Fue entonces cuando lo vio. En una pequeña plazoleta que servía de mirador para los turistas que ya se habían rendido a la niebla, un hombre había improvisado un puesto de cachureos sobre una manta raída en el suelo. Lámparas de barco abolladas, postales amarillentas, muñecas de porcelana con ojos vacíos, botellas de vidrio con formas extrañas. Un cementerio de objetos olvidados. El zumbido en sus manos, latente desde el incidente del escritorio, se intensificó como una advertencia.

"Pase, pase, joven caballero. No se cobra por mirar las reliquias del pasado", dijo el vendedor, un hombre mayor con un gorro de lana y una sonrisa a la que le faltaban varios dientes. "Cada cachivache aquí tiene más cuentos que un libro".

Elías sabía que el hombre mentía, que inventaría historias para hacer una venta. Pero también sabía, con una certeza que lo asustaba, que los objetos tenían sus propias historias, las verdaderas. Se acercó con cautela, manteniendo las manos en los bolsillos de su pantalón.
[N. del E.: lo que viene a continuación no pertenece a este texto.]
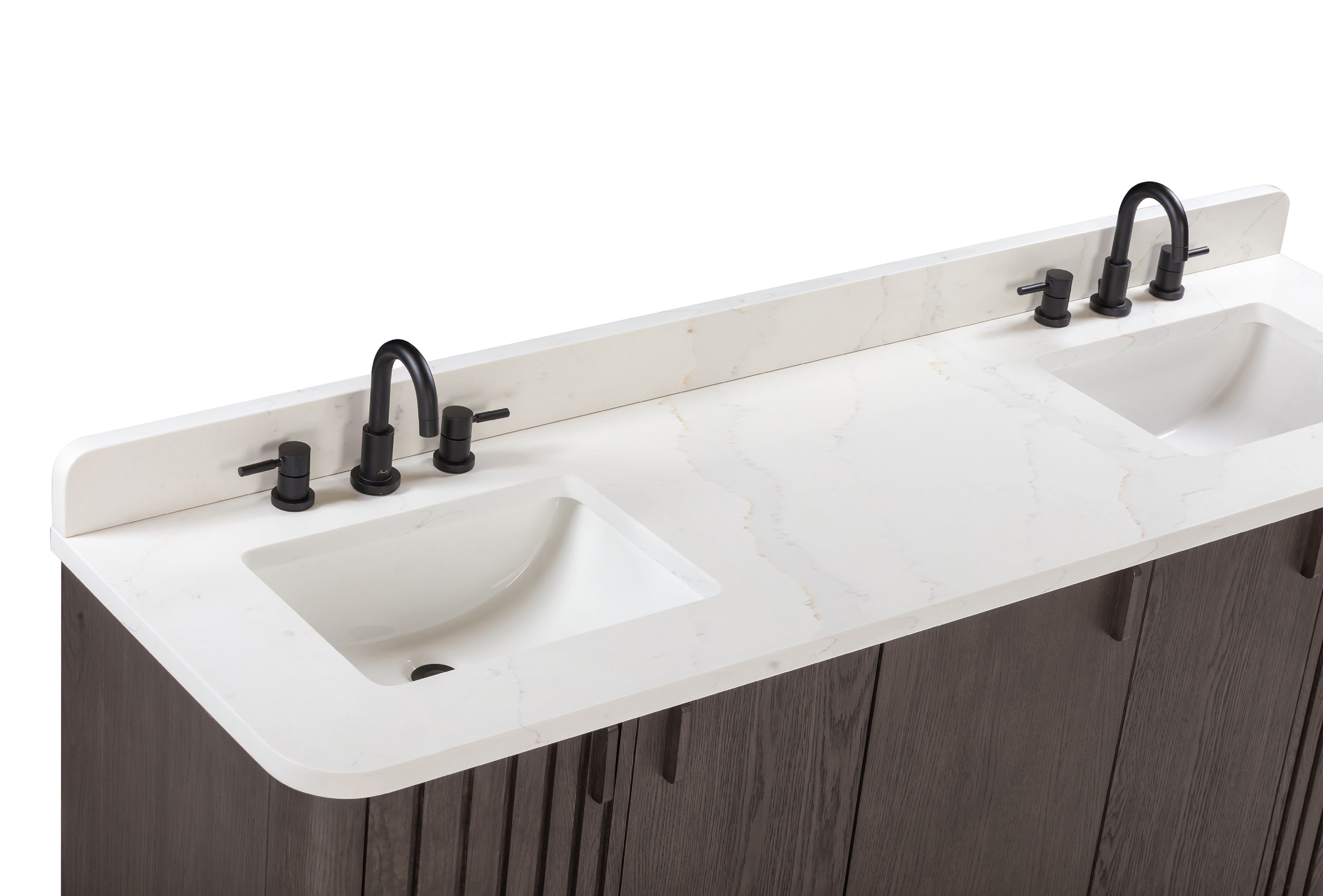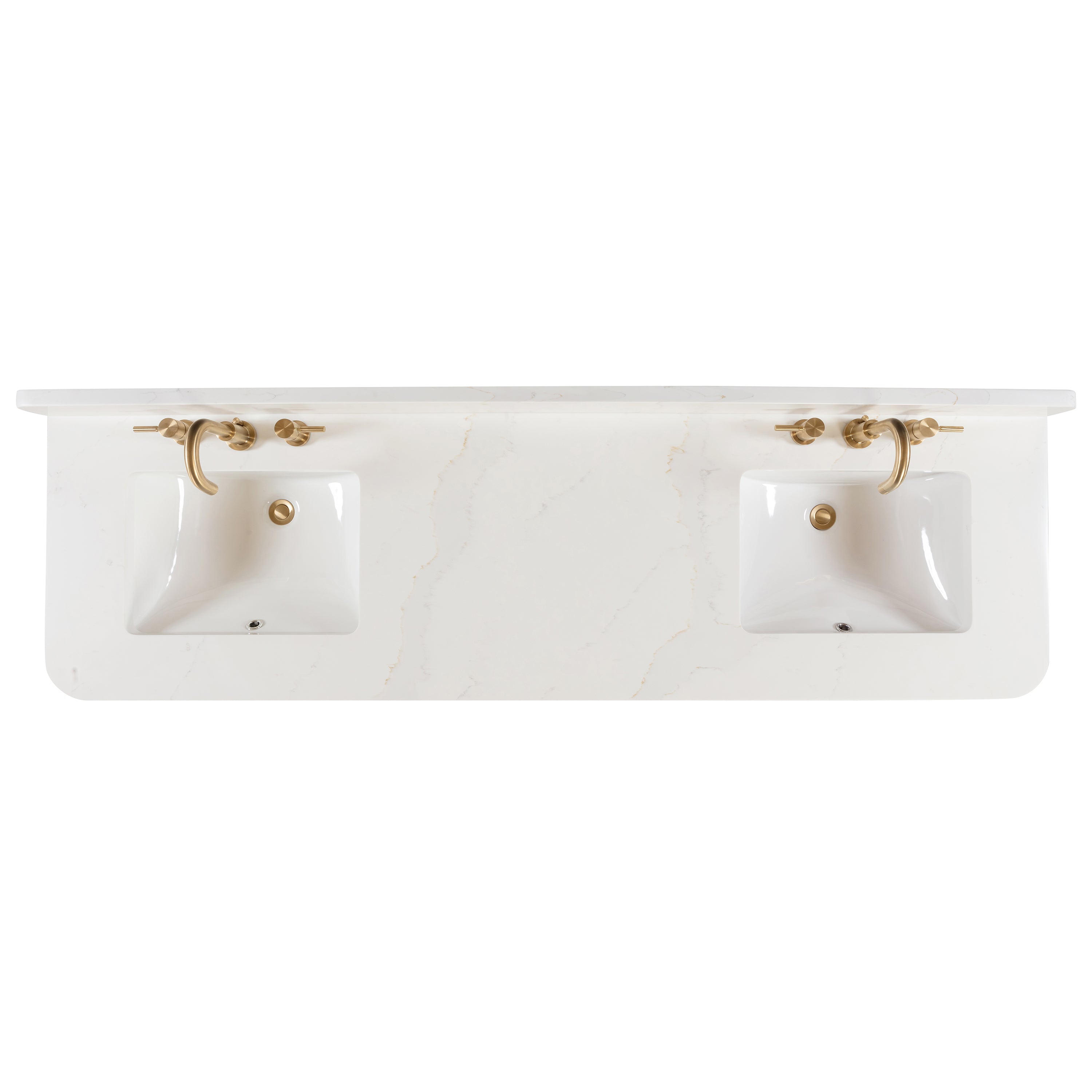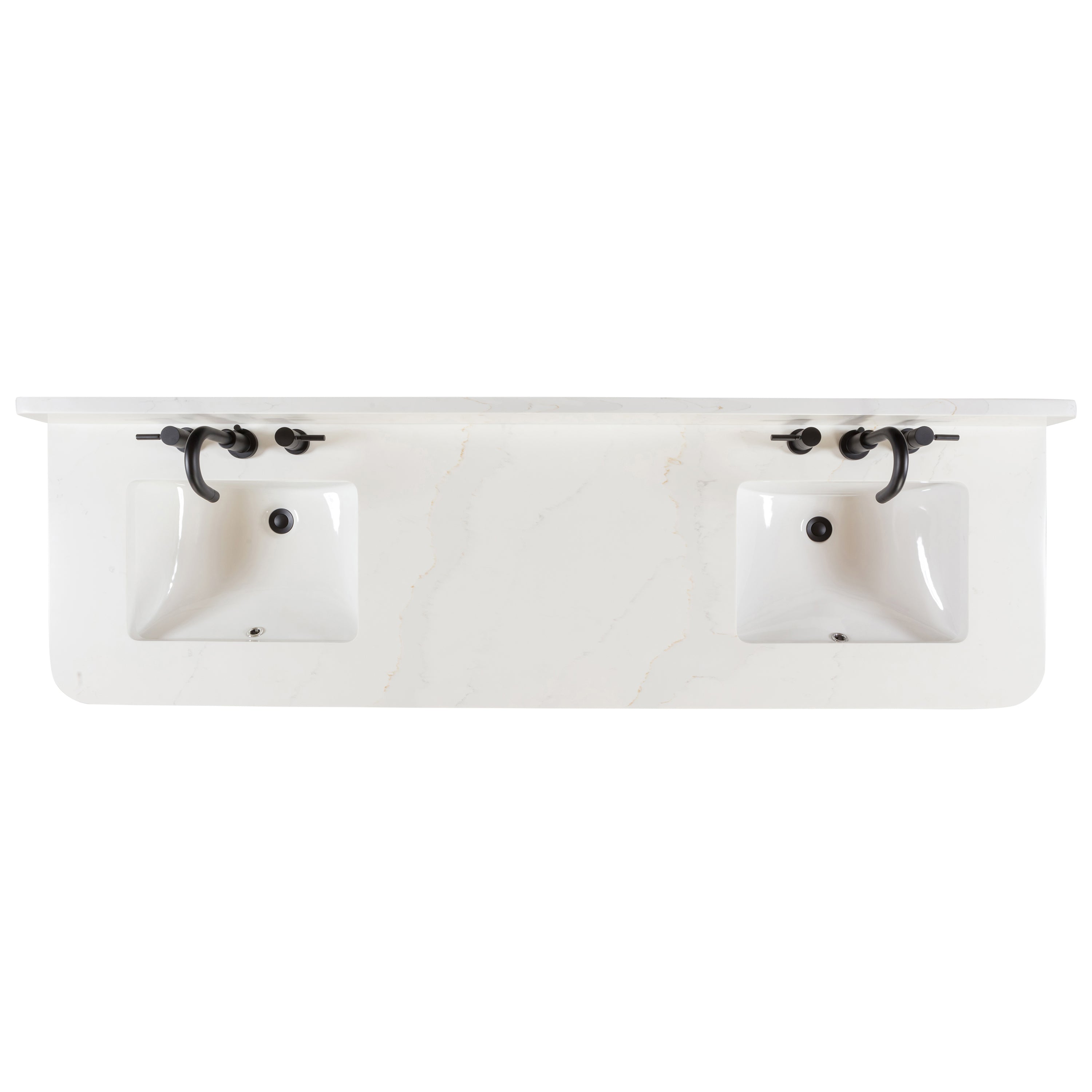- Quartz top has a polished non-porous surface that is easy to clean and resists stains

Sus ojos recorrieron la manta. Una vieja plancha de carbón. Fría. Silenciosa. Un juego de tazas de té con el borde dorado. Un leve eco de conversaciones educadas y el tintineo de cucharillas, nada más. Luego, sus ojos se fijaron en un objeto en particular. No era el más grande ni el más brillante. Era una brújula de bolsillo, de esas antiguas, con la cubierta de latón gastada y verdosa por el salitre. El vidrio estaba tan rayado que apenas se distinguían los puntos cardinales, pero la aguja, milagrosamente, seguía apuntando firmemente hacia el norte magnético, como si fuera la única cosa en el mundo que todavía sabía con certeza dónde estaba.

El zumbido en su mano derecha se volvió insistente, un hormigueo que le recorrió el brazo. Era una atracción magnética, una sed que no podía explicar.
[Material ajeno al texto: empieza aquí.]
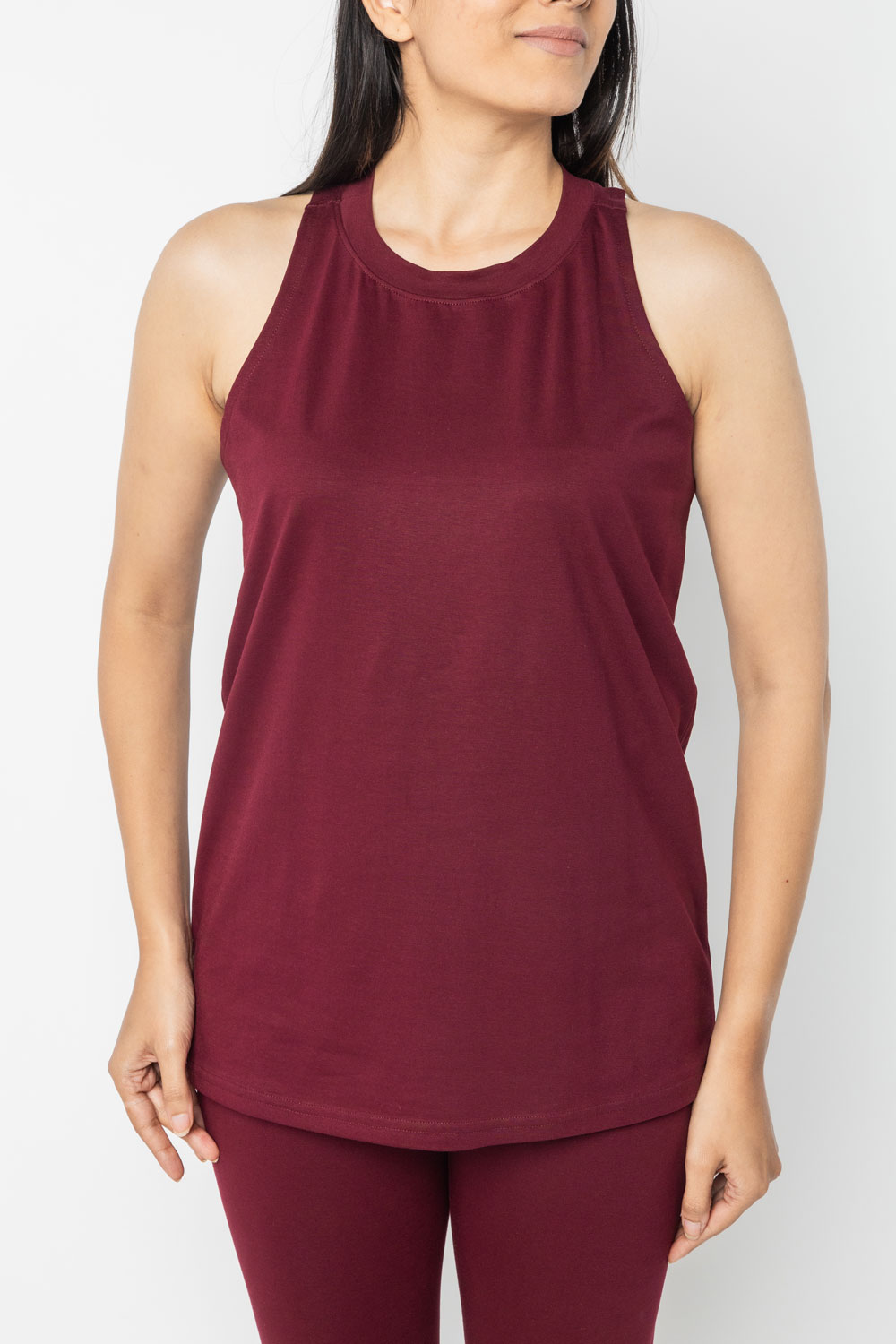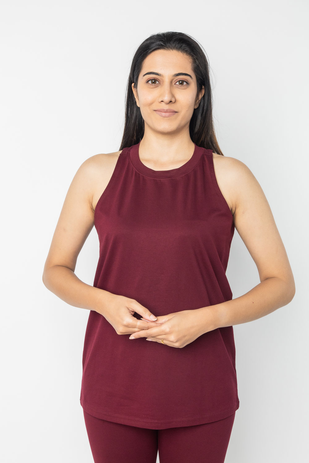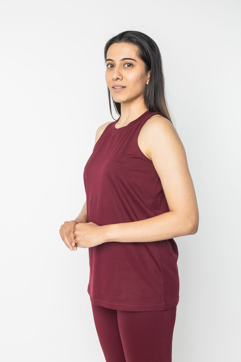 Flow Freely in Comfort – Maroon Sleeveless Tee

"Ah, esa preciosura", dijo el vendedor, notando su interés. "Perteneció a un capitán inglés que le dio la vuelta al mundo tres veces. Se dice que nunca perdió el rumbo, ni en la peor de las tormentas del Cabo de Hornos".

Elías apenas escuchaba. La historia del vendedor era un ruido de fondo. La verdadera historia lo estaba llamando. Su mano salió del bolsillo. Sabía que no debía. Sabía lo que vendría después: el mareo, la confusión, el dolor de cabeza. Pero la curiosidad, esa comezón insoportable en el fondo de su mente, era más fuerte que el miedo.
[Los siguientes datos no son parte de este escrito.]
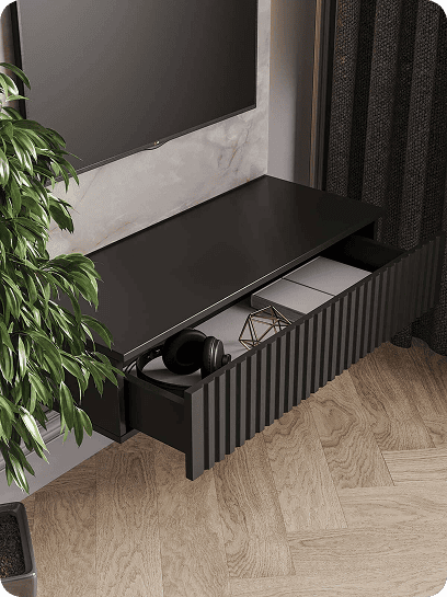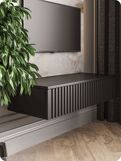 Тумба навесная под телевизор в черном цвете. Рифленый фасад.

Con la punta del dedo índice, rozó el borde metálico y frío de la brújula.

El mundo no se inclinó. Se partió en dos.

El zumbido explotó en el estruendo silencioso de una ola rompiendo dentro de su cráneo. El suelo de adoquines desapareció, reemplazado por el violento balanceo de una cubierta de barco azotada por la tormenta. El aire salado de Valparaíso fue sustituido por ráfagas de viento helado que aullaban y traían consigo el sabor de la sal y el pánico. El olor a brea caliente y a madera empapada era tan real que le picaba en la nariz.